Toric vector bundles and tropical geometry

Christopher Manon (U. Kentucky)

09-Sep-2022, 14:00-15:00 (19 months ago)

Abstract: I’ll give an overview of some recent work on the geometry of projectivized toric vector bundles. A toric vector bundle is a vector bundle over a toric variety equipped with an action by the defining torus of the base. As a source of examples, toric vector bundles and their projectivizations provide a rich class of spaces that still manage to admit a combinatorial characterization. I’ll begin with a recent classification result which shows that a toric vector bundle can be captured by an arrangement of points on the Bergman fan of a matroid defined by DiRocco, Jabbusch, and Smith in their work on ”the parliament of polytopes” of a vector bundle.

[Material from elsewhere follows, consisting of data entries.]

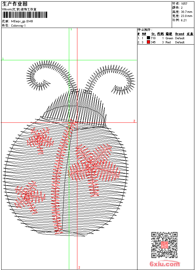 - emb花版参数: 大小:21.50 KB / 尺寸:23*31[毫米] / 针数:1056针 / 线色:2 / 格式:emb / 版本:9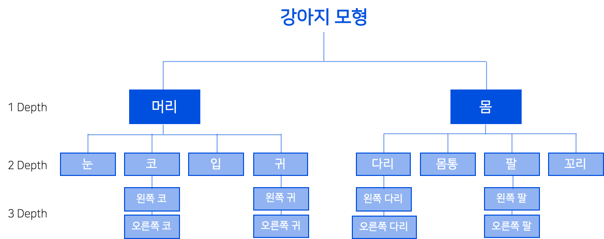 따라서 Depth에서는 문서의 깊이 별로 어떠한 구성 요소가 존재하며 Depth별로의 컨텐츠의 네이밍을 포함합니다.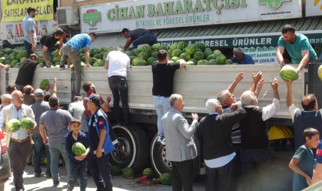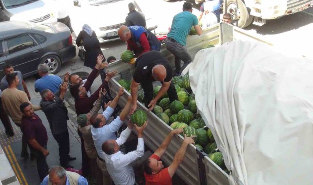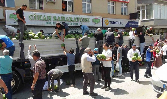 Dağıtılan karpuzlardan alan vatandaşlardan Yunus Nazlı, "Ahlatlı bir çiftçimiz bir tır dolusu karpuz gönderdi. Vatandaşlarımıza burada bedavadan ikramda bulunuyor. Allah kendisinden razı olsun" dedi.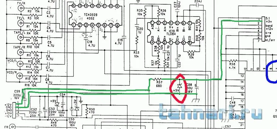 Вот здесь и берётся (смотри зелёненькую).Можете по схеме подсказать. А то я смотрю +12в заходит, а потом откуда то берётся +5в.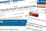 La mayoría de los medios de Latinoamérica tiene la noticia en primera plana en sus páginas web. Igual sucede en España, Italia y Alemania. Mercedes Sosa ícono mundial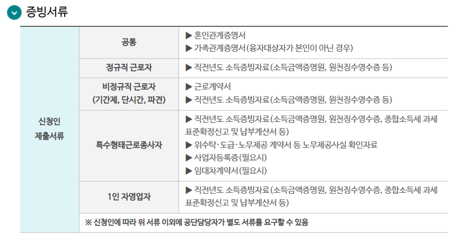 ⓛ 혼례비, 자녀학자금, 의려비, 부모요양비, 장례비, 자녀양육비(재직요건) 융자신청 저금리대출 및 대출 검색할 때 현재 소속 또는 노무 제공 사업장에 3개월 이상(융자신청일이 속한 달의 직전 달 말일에 고용된 근로자가 없는 사람에 한한다) 일 것 다만, 일용근로자는 신청일 이전 90일 이내에 [고용보험법 시행규직] 별지 제7호 서식의 고용보험 확인 방법과 근로내용 확인서에 따른 근로일수가 45일 이상인 경우로 하고, 건설기계 종사자 등 생계비 대출은 일일 단위로 노무를 제공하는 특수형태 근로종사자는 신청일 이전 90일 이내에 입, 아직 신고내역상 작업수 45일 이상인 경우로 한다(소득요건) 월평균소득이 296만 원(2023년 기준) 이하일 것. 다만, 비정규직 근로자는 소득요건을 적용하지 않음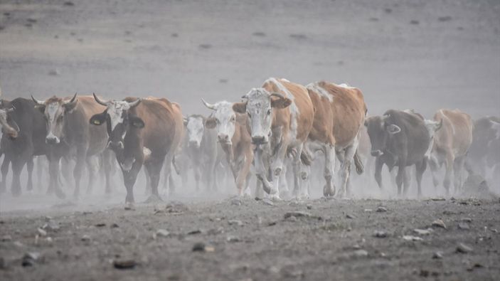 Kars'ta süt ineklerinin tozlu yolculuğu görüntülendi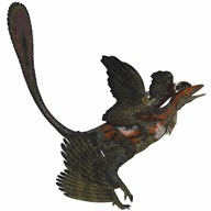 Microraptor, an extinct small flying dinosaur from the Cretaceous Period

Then I’ll describe how to extract geometric information of the projectivization of the toric vector bundle when this data is nice. I will focus primarily on the Cox ring of the bundle, and the question of whether or not the bundle is a Mori dream space. Then I’ll describe how these properties interact with natural operations on toric vector bundles. This involves the geometry of the closely related class of toric flag bundles and tropical flag varieties. This is joint work with Kiumars Kaveh and Courtney George.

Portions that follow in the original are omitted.